Танюша, понимая, что уж ипподром-то с аэропланами точно не имеют отношения к убийству, отвечала, как все: спала, ничего не слышала. И фактов, которые пролили бы свет истины на это непонятное убийство, не знает.
Ей Регина фон Апфельблюм не нравилась – уж больно задирала нос. И потому у девушки было что-то вроде угрызений совести: вот ведь невзлюбили артисты гордячку, а ее и на свете больше нет; может, недодали ей хотя бы малость душевного тепла, хотя могли, могли, трудно, что ли, сыграть эту малость тепла?
А вот Стрельский огорчился не на шутку.
– Какая красивая женщина была… – вздыхал он. – В хороших руках ей бы цены не было…
Кокшаров пригласил инспектора рижской сыскной полиции Горнфельда к себе в комнату, открыл деревянный ящичек с сигарами, достал бутылку хорошего французского коньяка.
– Фрау Магда! Фрау Магда! – крикнул он хозяйке. – Сварите хороший крепкий кофе и не экономьте на зернах! Я ее знаю, она тайком высушивает единожды заваренный кофе и подмешивает его к свежемолотому.
– Похвальная экономия. Моя супруга тоже этой гадости научилась, – уныло ответил полицейский.
Горнфельд Кокшарову не очень нравился – скучный, всем на свете недовольный, чем-то похожий на артиста Лиодорова: тот тоже считал, что жизнь не состоялась, но Лиодоров мечтал совершить усилие, выгодно жениться и вырваться из актерского сословия; о чем мог мечтать Горнфельд, Кокшаров и вообразить не мог – разве что о более высоком чине, но ведь чин – дело житейское, рано или поздно начальство его даст.

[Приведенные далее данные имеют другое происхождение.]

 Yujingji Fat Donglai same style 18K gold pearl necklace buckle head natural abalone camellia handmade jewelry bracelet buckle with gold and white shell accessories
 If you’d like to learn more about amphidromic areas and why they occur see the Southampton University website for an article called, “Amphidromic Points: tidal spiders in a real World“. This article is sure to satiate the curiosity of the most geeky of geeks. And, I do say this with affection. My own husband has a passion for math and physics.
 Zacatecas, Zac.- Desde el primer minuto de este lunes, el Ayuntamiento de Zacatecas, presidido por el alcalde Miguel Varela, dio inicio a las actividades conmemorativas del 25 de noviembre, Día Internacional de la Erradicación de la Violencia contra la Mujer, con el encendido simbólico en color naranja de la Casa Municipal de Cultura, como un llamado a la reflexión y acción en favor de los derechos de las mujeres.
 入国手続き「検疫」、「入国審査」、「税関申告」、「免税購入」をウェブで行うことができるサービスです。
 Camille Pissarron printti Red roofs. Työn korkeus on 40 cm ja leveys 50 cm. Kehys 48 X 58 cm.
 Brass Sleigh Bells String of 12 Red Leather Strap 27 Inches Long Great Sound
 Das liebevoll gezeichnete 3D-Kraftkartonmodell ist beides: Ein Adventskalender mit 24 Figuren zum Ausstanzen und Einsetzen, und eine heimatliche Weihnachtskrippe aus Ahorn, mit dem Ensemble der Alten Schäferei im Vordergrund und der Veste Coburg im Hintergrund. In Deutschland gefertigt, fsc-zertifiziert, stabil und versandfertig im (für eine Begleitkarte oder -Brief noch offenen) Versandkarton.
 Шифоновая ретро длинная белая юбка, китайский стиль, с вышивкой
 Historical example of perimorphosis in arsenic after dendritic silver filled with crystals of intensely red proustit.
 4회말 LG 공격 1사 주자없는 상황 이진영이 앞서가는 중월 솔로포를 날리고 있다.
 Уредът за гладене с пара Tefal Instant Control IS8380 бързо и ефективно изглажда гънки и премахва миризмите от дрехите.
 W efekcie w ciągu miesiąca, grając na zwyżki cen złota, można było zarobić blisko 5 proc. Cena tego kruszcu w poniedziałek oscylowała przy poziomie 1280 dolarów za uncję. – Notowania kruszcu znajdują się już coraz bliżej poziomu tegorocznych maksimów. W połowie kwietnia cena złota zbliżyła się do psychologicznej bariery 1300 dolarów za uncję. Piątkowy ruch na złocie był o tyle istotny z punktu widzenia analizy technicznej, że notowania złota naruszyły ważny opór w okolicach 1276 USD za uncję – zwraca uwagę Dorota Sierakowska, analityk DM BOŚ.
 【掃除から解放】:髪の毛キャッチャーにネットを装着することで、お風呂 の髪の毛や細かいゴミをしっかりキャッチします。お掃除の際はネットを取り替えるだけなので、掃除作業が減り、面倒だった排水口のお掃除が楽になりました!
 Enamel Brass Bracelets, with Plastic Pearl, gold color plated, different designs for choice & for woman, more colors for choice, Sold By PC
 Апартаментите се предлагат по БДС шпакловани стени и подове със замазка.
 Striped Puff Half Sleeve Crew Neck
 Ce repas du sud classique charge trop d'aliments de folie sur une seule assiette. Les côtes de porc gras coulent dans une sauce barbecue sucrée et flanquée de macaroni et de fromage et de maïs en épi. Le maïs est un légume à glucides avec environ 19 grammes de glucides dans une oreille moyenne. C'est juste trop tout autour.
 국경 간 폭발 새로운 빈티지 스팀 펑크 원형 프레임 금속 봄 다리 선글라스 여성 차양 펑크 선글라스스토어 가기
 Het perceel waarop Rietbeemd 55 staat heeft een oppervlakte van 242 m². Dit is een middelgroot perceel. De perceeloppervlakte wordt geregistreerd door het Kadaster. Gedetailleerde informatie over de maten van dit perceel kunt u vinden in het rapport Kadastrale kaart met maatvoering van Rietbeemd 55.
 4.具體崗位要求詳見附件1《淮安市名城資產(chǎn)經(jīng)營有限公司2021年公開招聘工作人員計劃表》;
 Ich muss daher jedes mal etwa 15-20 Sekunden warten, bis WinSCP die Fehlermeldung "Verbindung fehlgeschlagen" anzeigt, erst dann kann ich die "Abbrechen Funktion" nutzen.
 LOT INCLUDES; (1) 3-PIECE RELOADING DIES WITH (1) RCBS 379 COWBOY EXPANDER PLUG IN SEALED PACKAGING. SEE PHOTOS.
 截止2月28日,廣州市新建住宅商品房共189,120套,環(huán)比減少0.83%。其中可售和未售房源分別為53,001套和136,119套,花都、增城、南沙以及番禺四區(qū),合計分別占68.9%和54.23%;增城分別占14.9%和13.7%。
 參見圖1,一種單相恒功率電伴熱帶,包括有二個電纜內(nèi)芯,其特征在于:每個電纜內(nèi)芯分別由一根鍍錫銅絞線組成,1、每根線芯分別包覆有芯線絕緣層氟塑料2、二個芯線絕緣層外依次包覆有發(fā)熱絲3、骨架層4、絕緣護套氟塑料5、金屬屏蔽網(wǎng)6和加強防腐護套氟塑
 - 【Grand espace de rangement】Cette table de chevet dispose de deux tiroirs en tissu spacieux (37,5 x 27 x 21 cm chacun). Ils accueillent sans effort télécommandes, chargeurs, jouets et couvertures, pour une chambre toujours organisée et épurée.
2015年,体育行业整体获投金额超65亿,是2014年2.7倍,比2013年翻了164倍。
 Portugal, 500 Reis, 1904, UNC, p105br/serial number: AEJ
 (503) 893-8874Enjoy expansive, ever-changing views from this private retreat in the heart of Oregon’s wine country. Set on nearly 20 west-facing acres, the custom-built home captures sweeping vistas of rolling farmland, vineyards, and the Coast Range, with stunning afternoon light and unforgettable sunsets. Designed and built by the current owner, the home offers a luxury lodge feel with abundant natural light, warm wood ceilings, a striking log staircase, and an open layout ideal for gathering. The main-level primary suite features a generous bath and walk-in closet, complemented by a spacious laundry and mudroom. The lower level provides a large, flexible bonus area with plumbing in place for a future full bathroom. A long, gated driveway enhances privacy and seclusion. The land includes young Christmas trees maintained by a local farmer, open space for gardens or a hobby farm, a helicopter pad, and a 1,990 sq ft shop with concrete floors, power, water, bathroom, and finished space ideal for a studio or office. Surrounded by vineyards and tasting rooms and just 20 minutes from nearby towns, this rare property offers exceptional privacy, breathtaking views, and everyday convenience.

Разговор предстоял неприятный – подозрения падали на труппу. О романе Сальтерна с Селецкой инспектор первым делом узнал – про него весь штранд знал. И Кокшарову стоило некоторого труда объяснить, что курортный роман с актеркой – дело пустяковое, это вроде непременной принадлежности летнего отдыха богатого человека, причем роман не предполагает обязательных постельных шалостей – часто артистки подарки-то берут, а расплачиваются за них тем, что позволяют возить себя по ресторанам.
– И ничего более? – удивился Горнфельд.
– Иному пожилому господину лишь хочется, чтобы его считали счастливым любовником, – терпеливо растолковывал Кокшаров. – Чтобы слух прошел о его амурных подвигах. Отчего ж не уважить щедрого господина?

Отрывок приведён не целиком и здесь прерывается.